In April 2015, Javier Olivares, one of the creators of El Ministerio del Tiempo, met with representatives of Gersh in the MIPTV audiovisual fair of Cannes. There, they discussed the possibility of developing an American version of the show. Gersh would later ask for a DVD copy of the first episode of the Spanish show, with English subtitles. Onza Partners, the Spanish production company, gave that DVD to the Gersh Agency in the hopes of working with them. Roy Ashton, from the Gersh Agency, wrote to Onza letting them know that they liked El Ministerio del Tiempo and wanted to work with them. Ashton also mentioned Eric Kripke and Ben Edlund as possible show runners.

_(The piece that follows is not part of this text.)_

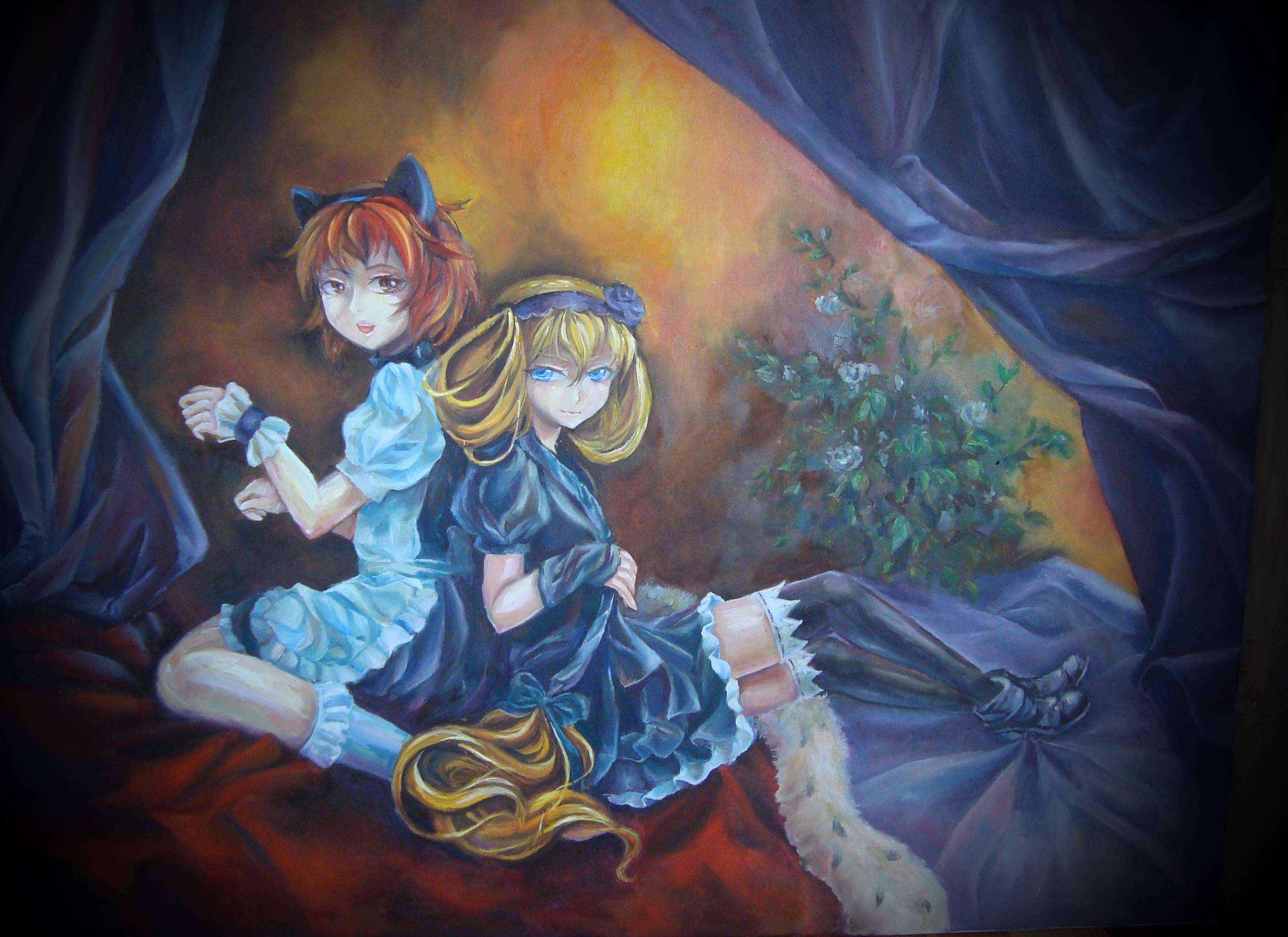 >>2173 Слишком ленив для масла, хотя хотел бы попробовать. Алсо оно дороже, например, акрила. пока что похож, я хотел сделать все темным, кроме бантиков >>2175 Спасибо.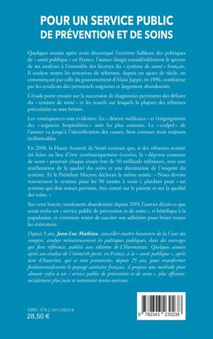 Quelques années après avoir décortiqué la faiblesse des politiques de « santé publique » en France, l’auteur élargit ses analyses à l’ensemble des facettes du « système de santé » français. ll analyse toutes les tentatives de réformes. L’étude porte ensuite sur la succession de diagnostics des défauts du «système de santé». Les conséquences sont évidentes : les « déserts médicaux » et l’engorgement des «urgences hospitalières». En 2018, la Haute Autorité de Santé estimait que, si des réformes avaient été faites, la « dépense courante de santé » pourrait chaque année être de 50 milliards inférieure. Sur cette lancée, totalement abandonnée depuis 2019, l’auteur décrit ce que serait enfin un « service public de prévention et de soins », si bénéfique à la population.

In August 2015, Deadline reported that NBC had bought a project called Time, created by Kripke and Shawn Ryan. At the same time, all negotiations regarding the American version of El Ministerio del Tiempo were dropped. That project went on to become Timeless, with its pilot episode airing in January 2016.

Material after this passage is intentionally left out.